(Beginning of LISTED RECORDS)

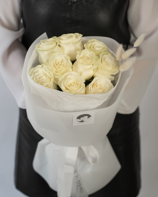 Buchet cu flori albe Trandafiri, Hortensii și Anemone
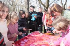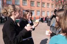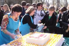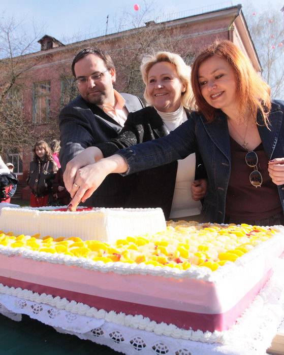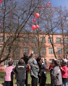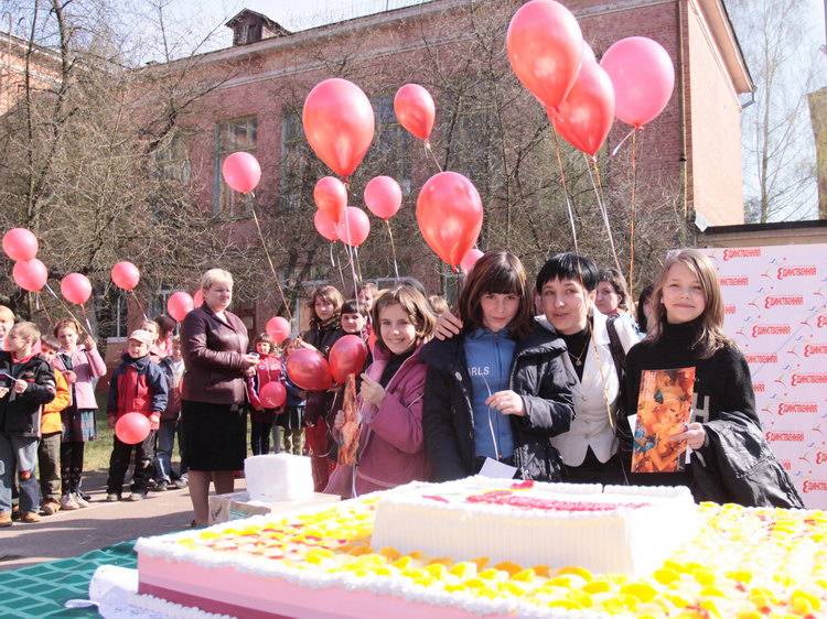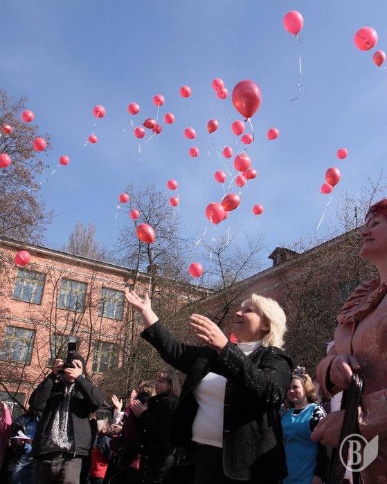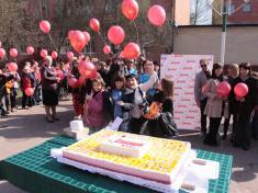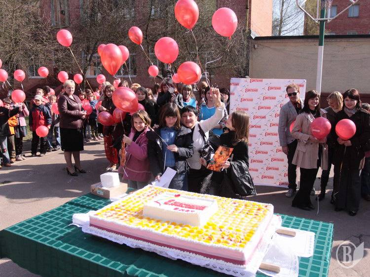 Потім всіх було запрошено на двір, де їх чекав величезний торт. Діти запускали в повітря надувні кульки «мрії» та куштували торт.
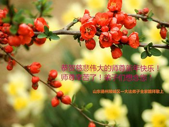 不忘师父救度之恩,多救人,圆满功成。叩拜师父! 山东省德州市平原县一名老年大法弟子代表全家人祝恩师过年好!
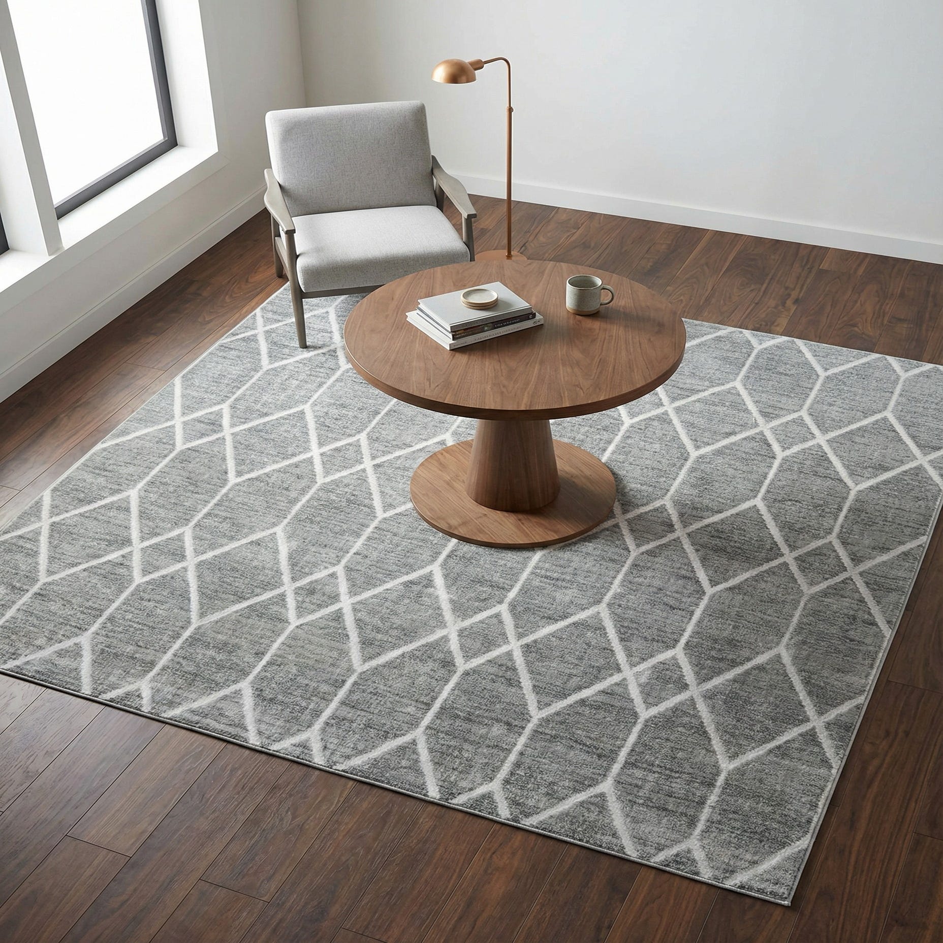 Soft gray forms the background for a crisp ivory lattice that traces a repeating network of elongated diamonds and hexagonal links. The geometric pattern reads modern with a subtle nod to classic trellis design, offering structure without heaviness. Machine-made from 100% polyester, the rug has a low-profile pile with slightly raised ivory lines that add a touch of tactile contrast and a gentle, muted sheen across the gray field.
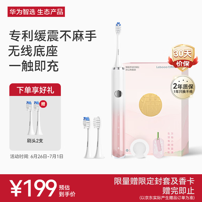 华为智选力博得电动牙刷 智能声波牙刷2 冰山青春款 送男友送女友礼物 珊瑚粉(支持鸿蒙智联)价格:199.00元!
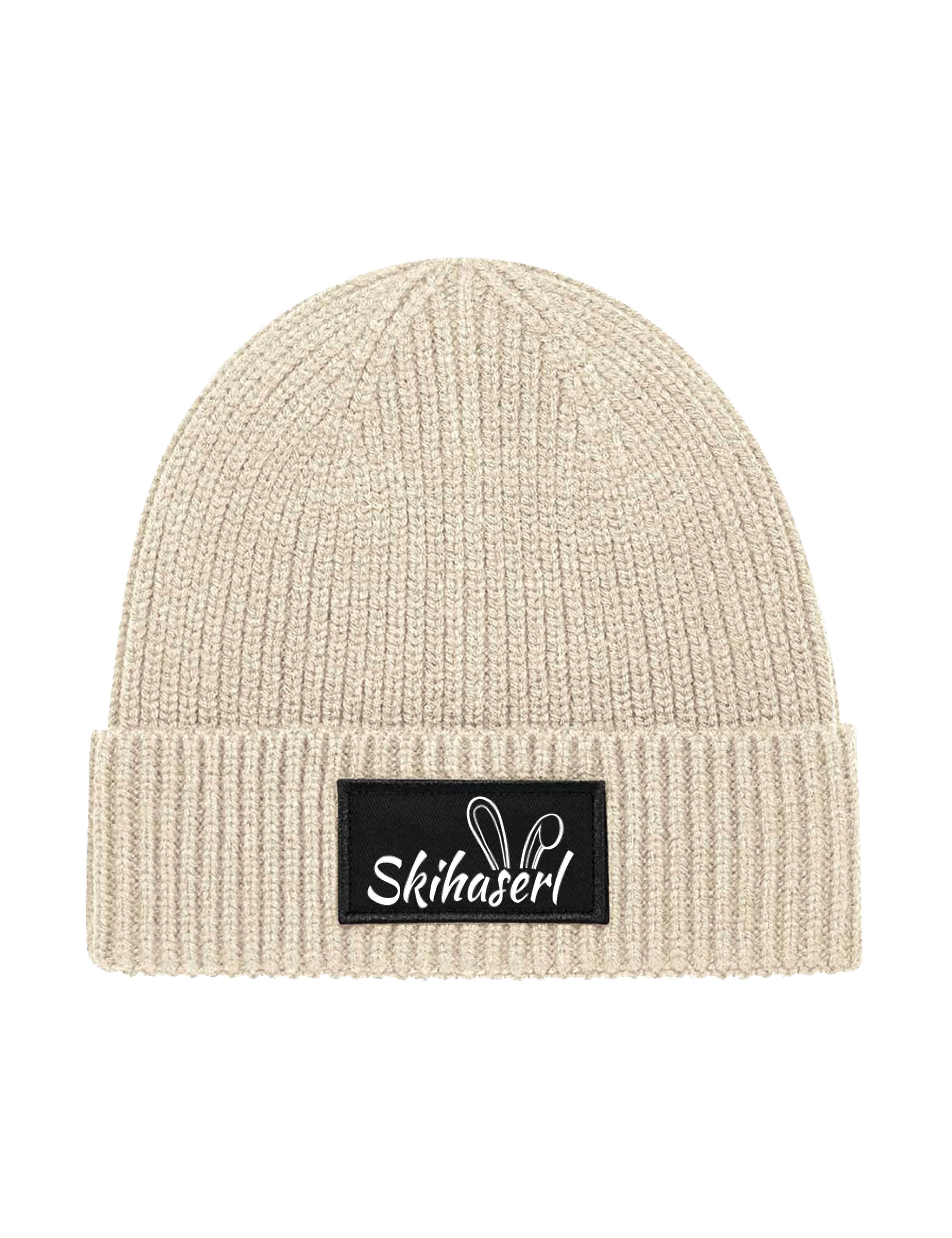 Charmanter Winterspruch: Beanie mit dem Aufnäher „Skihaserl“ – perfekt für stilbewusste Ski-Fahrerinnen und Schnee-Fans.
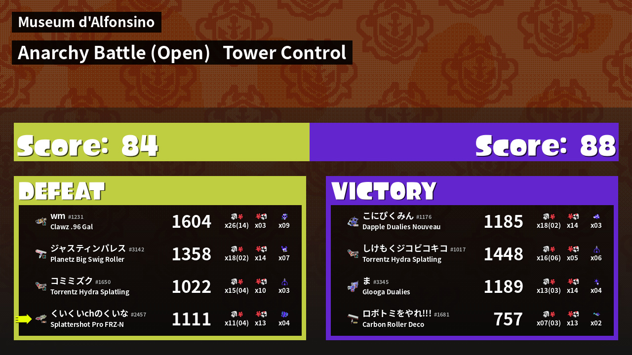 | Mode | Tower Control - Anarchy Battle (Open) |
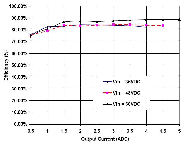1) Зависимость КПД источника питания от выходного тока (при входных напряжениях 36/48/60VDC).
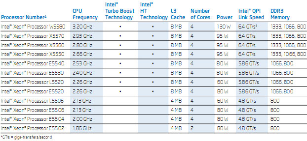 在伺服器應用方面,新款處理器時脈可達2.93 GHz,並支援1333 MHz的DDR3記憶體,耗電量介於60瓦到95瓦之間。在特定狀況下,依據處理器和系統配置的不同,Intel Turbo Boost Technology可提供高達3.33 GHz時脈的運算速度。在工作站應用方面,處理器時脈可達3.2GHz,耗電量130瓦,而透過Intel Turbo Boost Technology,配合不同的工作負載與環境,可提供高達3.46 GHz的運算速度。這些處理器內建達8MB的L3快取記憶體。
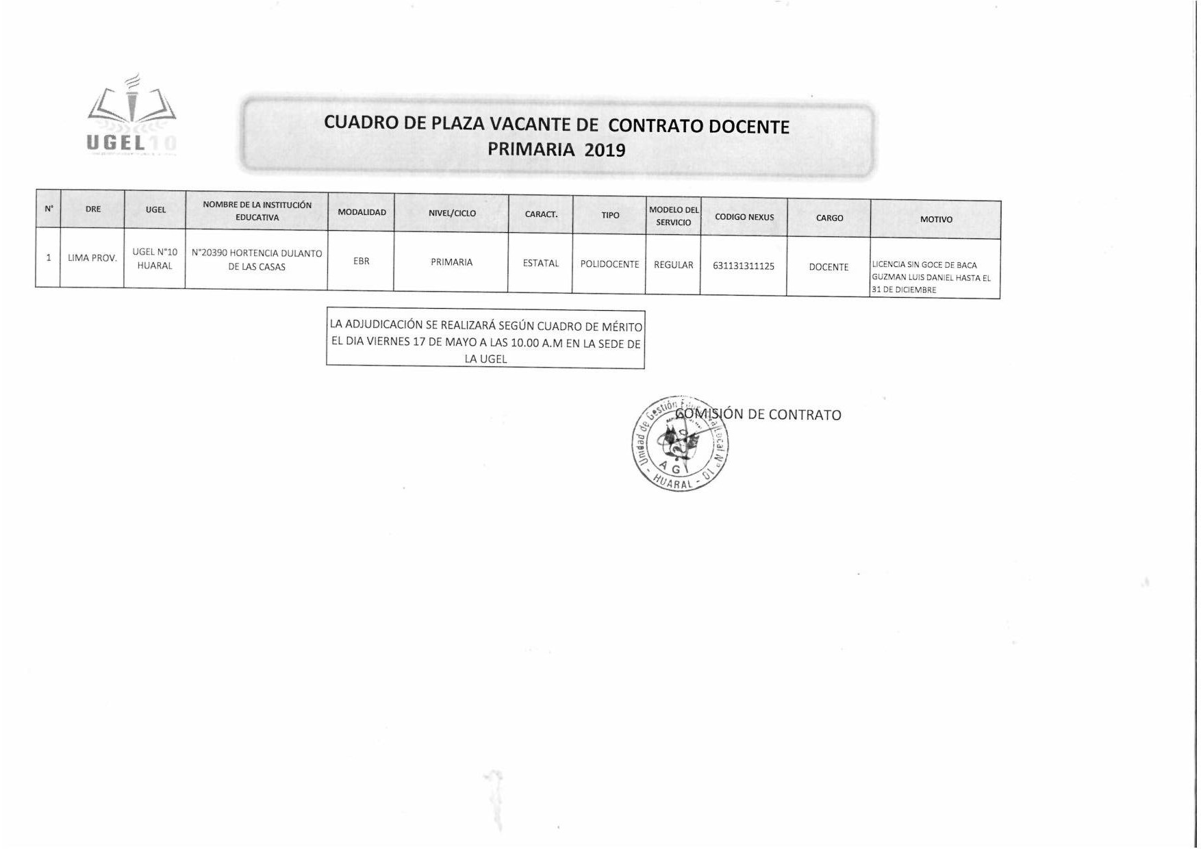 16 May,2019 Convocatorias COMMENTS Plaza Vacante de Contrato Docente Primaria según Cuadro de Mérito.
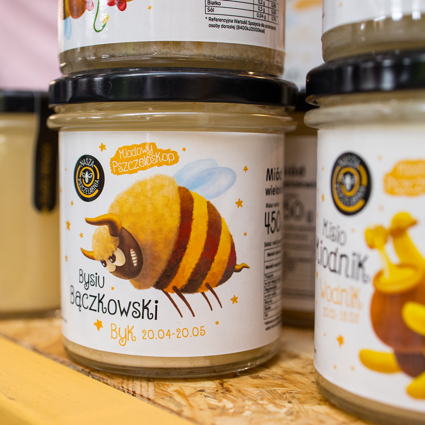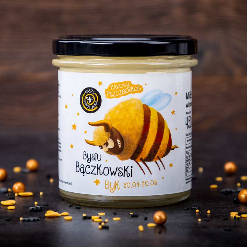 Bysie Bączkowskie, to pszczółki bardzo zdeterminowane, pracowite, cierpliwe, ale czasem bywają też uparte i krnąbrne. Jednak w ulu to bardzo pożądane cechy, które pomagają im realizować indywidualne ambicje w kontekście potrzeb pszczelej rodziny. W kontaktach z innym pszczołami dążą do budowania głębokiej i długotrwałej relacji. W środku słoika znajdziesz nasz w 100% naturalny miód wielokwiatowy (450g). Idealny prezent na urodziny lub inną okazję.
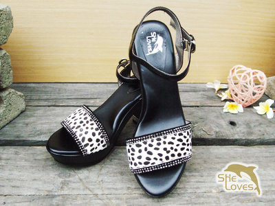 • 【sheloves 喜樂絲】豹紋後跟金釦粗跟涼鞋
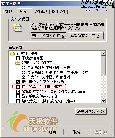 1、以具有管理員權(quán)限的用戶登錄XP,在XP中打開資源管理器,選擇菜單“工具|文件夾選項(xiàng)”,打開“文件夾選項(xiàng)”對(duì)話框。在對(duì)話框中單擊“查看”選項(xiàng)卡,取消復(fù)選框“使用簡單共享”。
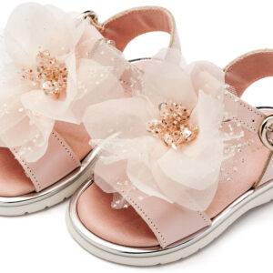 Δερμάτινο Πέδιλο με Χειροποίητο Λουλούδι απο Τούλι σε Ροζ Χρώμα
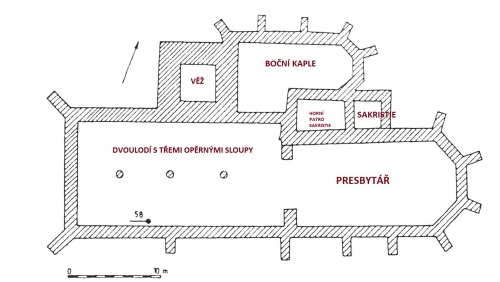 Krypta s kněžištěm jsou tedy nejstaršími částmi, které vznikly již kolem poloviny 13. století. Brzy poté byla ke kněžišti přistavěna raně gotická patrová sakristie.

(End of LISTED RECORDS)

Please copy every entry exactly, without the pictures.

 Buchet cu flori albe Trandafiri, Hortensii și Anemone
 Потім всіх було запрошено на двір, де їх чекав величезний торт. Діти запускали в повітря надувні кульки «мрії» та куштували торт.
 不忘师父救度之恩,多救人,圆满功成。叩拜师父! 山东省德州市平原县一名老年大法弟子代表全家人祝恩师过年好!
 Soft gray forms the background for a crisp ivory lattice that traces a repeating network of elongated diamonds and hexagonal links. The geometric pattern reads modern with a subtle nod to classic trellis design, offering structure without heaviness. Machine-made from 100% polyester, the rug has a low-profile pile with slightly raised ivory lines that add a touch of tactile contrast and a gentle, muted sheen across the gray field.
 华为智选力博得电动牙刷 智能声波牙刷2 冰山青春款 送男友送女友礼物 珊瑚粉(支持鸿蒙智联)价格:199.00元!
 Charmanter Winterspruch: Beanie mit dem Aufnäher „Skihaserl“ – perfekt für stilbewusste Ski-Fahrerinnen und Schnee-Fans.
 | Mode | Tower Control - Anarchy Battle (Open) |
1) Зависимость КПД источника питания от выходного тока (при входных напряжениях 36/48/60VDC).
 在伺服器應用方面,新款處理器時脈可達2.93 GHz,並支援1333 MHz的DDR3記憶體,耗電量介於60瓦到95瓦之間。在特定狀況下,依據處理器和系統配置的不同,Intel Turbo Boost Technology可提供高達3.33 GHz時脈的運算速度。在工作站應用方面,處理器時脈可達3.2GHz,耗電量130瓦,而透過Intel Turbo Boost Technology,配合不同的工作負載與環境,可提供高達3.46 GHz的運算速度。這些處理器內建達8MB的L3快取記憶體。
 16 May,2019 Convocatorias COMMENTS Plaza Vacante de Contrato Docente Primaria según Cuadro de Mérito.
 Bysie Bączkowskie, to pszczółki bardzo zdeterminowane, pracowite, cierpliwe, ale czasem bywają też uparte i krnąbrne. Jednak w ulu to bardzo pożądane cechy, które pomagają im realizować indywidualne ambicje w kontekście potrzeb pszczelej rodziny. W kontaktach z innym pszczołami dążą do budowania głębokiej i długotrwałej relacji. W środku słoika znajdziesz nasz w 100% naturalny miód wielokwiatowy (450g). Idealny prezent na urodziny lub inną okazję.
 • 【sheloves 喜樂絲】豹紋後跟金釦粗跟涼鞋
 1、以具有管理員權(quán)限的用戶登錄XP,在XP中打開資源管理器,選擇菜單“工具|文件夾選項(xiàng)”,打開“文件夾選項(xiàng)”對(duì)話框。在對(duì)話框中單擊“查看”選項(xiàng)卡,取消復(fù)選框“使用簡單共享”。
 Δερμάτινο Πέδιλο με Χειροποίητο Λουλούδι απο Τούλι σε Ροζ Χρώμα
 Krypta s kněžištěm jsou tedy nejstaršími částmi, které vznikly již kolem poloviny 13. století. Brzy poté byla ke kněžišti přistavěna raně gotická patrová sakristie.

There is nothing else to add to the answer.